Even more importantly, discovering the different forms of cancers or other illnesses in the ancient individuals provides valuable insight into today's diseases and how they evolved genetically over time, she said.
"We can reconstruct the evolutionary pathways of important diseases such as tuberculosis or malaria that are still present today and are still a major health problem," Zink said.
The tiniest bit of genetic material can provide astonishing details, he said, like when they discovered that the 5,000-year-old Iceman in EURAC's care was lactose intolerant and had Lyme disease.
"These mummies are important resources for all kinds of research and if they aren't conserved in a good way, we lose a lot of information because their protein and DNA degrades," he said.
As the Vatican Museums continues its conservation efforts, the next step will be examining the two child-size mummies, which Amenta said, might actually be mummified animals or falcons, which would not be unusual.
Examinations also began in January on the many layers of linen wrappings on a second mummy, she said. The wrappings around the face and neck had been ripped or cut open by someone long ago -- probably looking for the precious jewels and gold often positioned under the wrappings or around the face of mummies, she said.

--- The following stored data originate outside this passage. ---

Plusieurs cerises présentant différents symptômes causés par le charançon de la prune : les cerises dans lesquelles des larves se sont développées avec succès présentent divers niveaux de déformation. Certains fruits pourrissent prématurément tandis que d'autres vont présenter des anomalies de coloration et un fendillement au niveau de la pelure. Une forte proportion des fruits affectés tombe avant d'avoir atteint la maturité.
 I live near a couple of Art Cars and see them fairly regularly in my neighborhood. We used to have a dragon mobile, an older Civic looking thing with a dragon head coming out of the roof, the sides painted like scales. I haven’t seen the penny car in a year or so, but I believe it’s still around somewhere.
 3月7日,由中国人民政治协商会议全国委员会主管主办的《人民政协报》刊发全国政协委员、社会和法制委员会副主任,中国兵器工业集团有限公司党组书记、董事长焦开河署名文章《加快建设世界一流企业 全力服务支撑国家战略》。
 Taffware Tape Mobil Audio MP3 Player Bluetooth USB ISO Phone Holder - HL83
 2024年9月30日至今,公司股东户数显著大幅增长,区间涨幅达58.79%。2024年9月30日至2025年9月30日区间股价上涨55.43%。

The woven wrappings display "splendid craftsmanship," and since they're cut rather cleanly open, experts can look for clues in the different layers, much like a geologist would.
In June, together with the Louvre in Paris and the Dutch National Museum of Antiquities in Leiden, the Vatican will host the "First Vatican Coffin Conference."

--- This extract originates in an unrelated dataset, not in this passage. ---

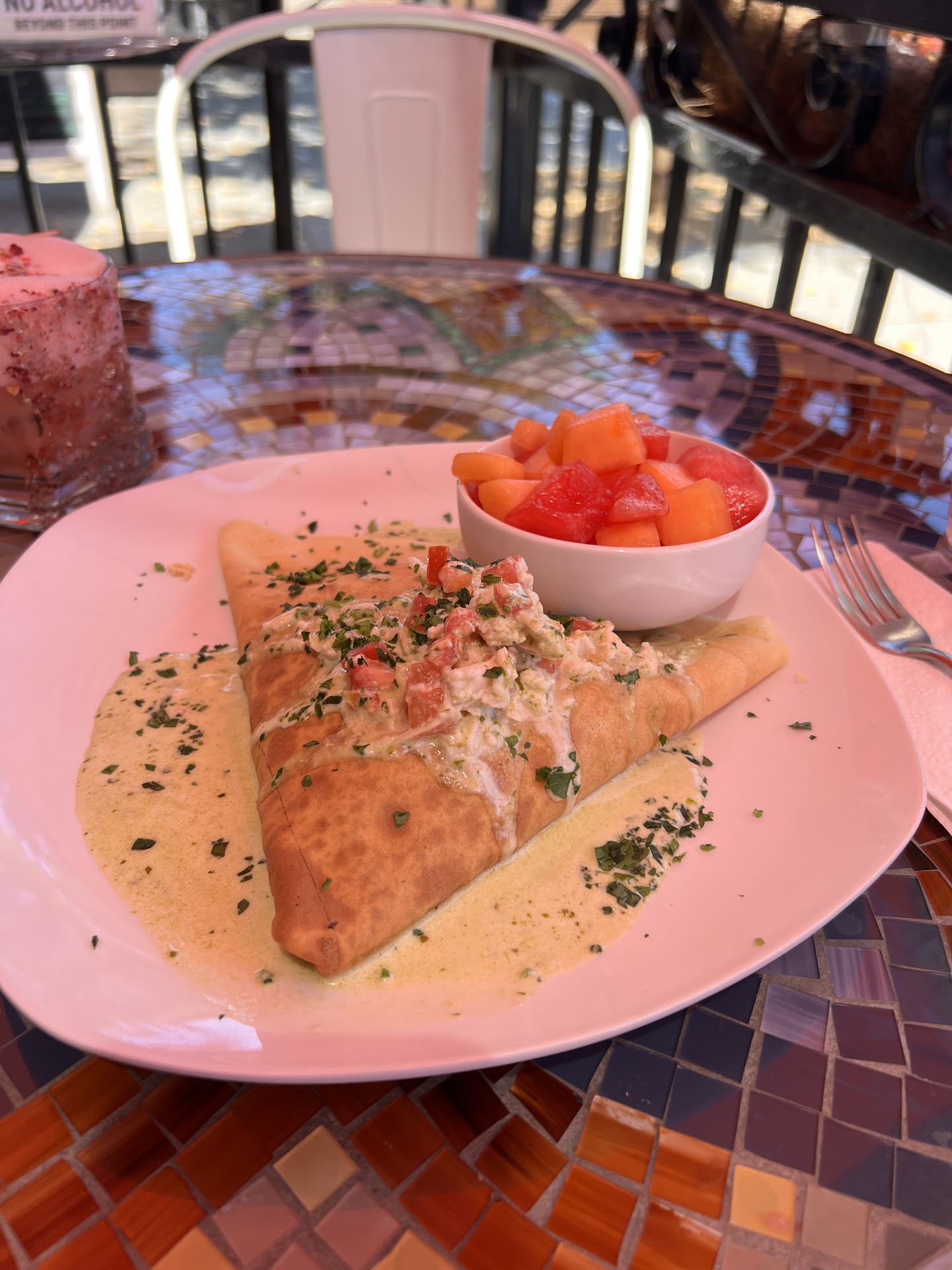 Read moreI can’t recommend this place enough. It’s a cute little bistro, perfect for brunch! The drinks are unique and delicious, they offer some alcoholic/non alcoholic, and espresso based drinks. The food is phenomenal. I recommend the chicken pesto crepe. 🤤 The thing that stood out the most though was the service. Everyone was SOOO incredibly nice. This is a walk up order at counter and take ur number to your seat place. I sat out on the patio with my dog. They brought my food and drink out quickly. Then came out multiple times checking if we need anything. They even stayed for a couple minutes just to ask about my dog and to talk to us. thank you for being he Incredible experience. The reviews are real for this place. I will definitely be back!

The Vatican is spearheading the initiative to study the construction and painting techniques of sarcophagi during Egypt's so-called Third Intermediate Period, which was 3,000 years ago.
It will be the first time internationally renowned scholars from a variety of disciplines will compare their research on the period's coffins, which reflect the clerical culture of the increasingly powerful Theban high priests, she said.

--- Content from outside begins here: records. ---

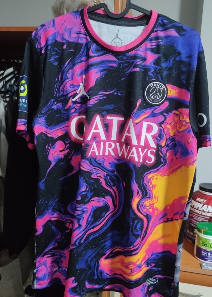 PSG Mbappe özel tasarım forma. L beden az giyildi çok hafif küçük iplik sorunları var foto koydum örnek olarak. başka bir defosu falan yok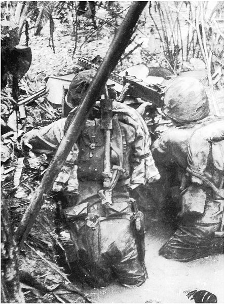 Raiders, up to their hips in water, man a machine gun along a jungle trail. Department of Defense Photo (USMC) 70764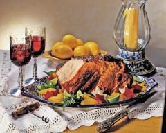 3) Sazonar con la canela y nuez moscada. Hornear a 200º C. por espacio de 50 minutos.4) Triturar las manzanas con el jugo del horneado y poner al fuego con la mantequilla. Dar un hervor para que la salsa quede ligada. Servir el asado con la salsa en salsera aparte.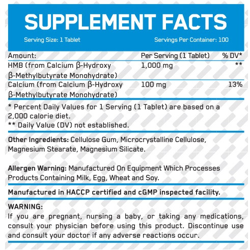 ترکیبات: کلسیم (از کلسیم ب-هیدروکسی ب- متیل بوتیرات مونوهیدرات)، HMB (کلسیم ب-هیدروکسی ب- متیل بوتیرات مونوهیدرات)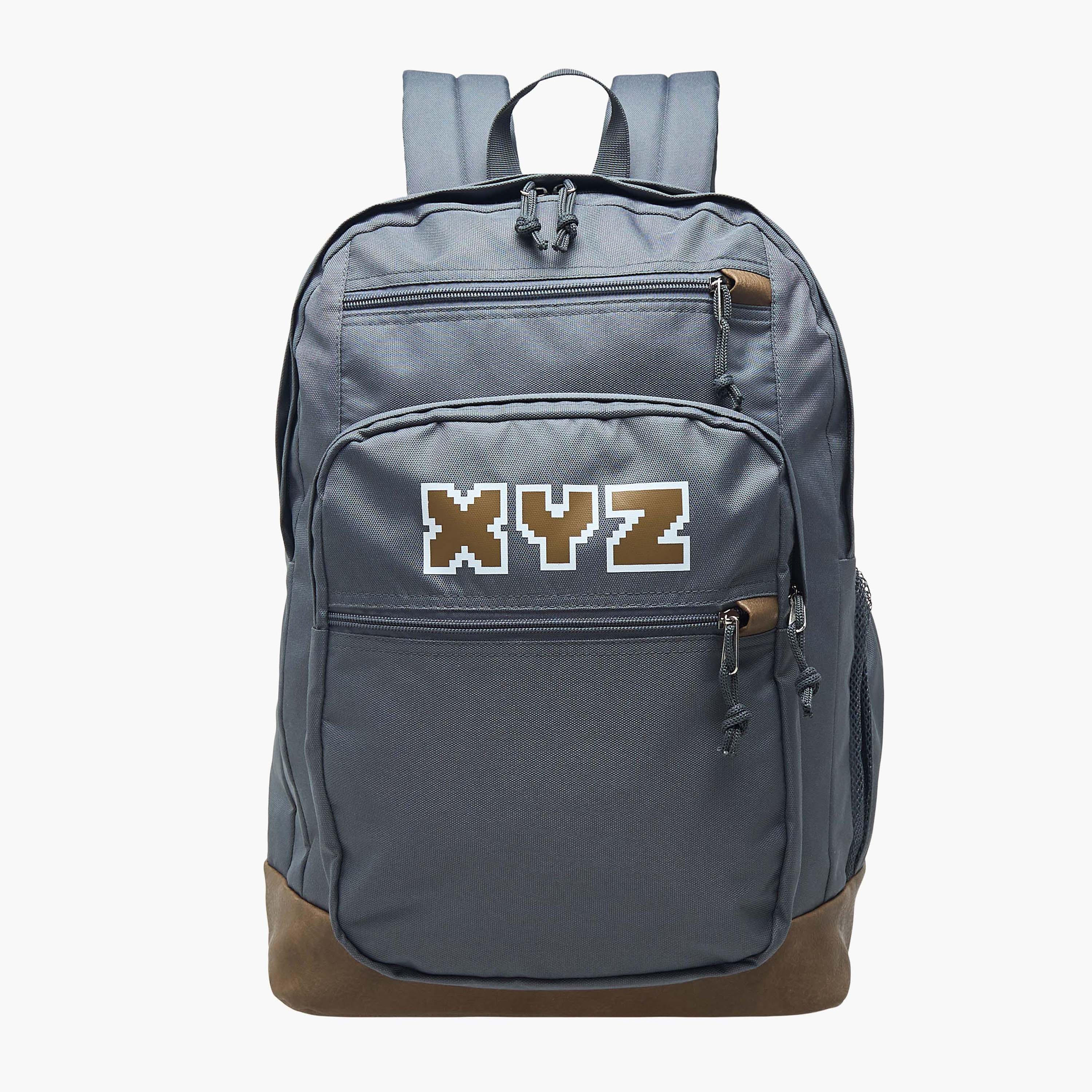 XYZ Logo Print Backpack with Adjustable Straps and Zip Closure - 18 inches

No in-depth, comprehensive studies have been done on the period's wood painting technique, she said, and no ancient Egyptian texts have been found explaining the process.
Scholars wonder whether they are the same techniques used in medieval times "and so we are studying these sarcophagi the same way we study medieval panel paintings."
But "we're finding out that the more we advance, the more we discover we know nothing," she added.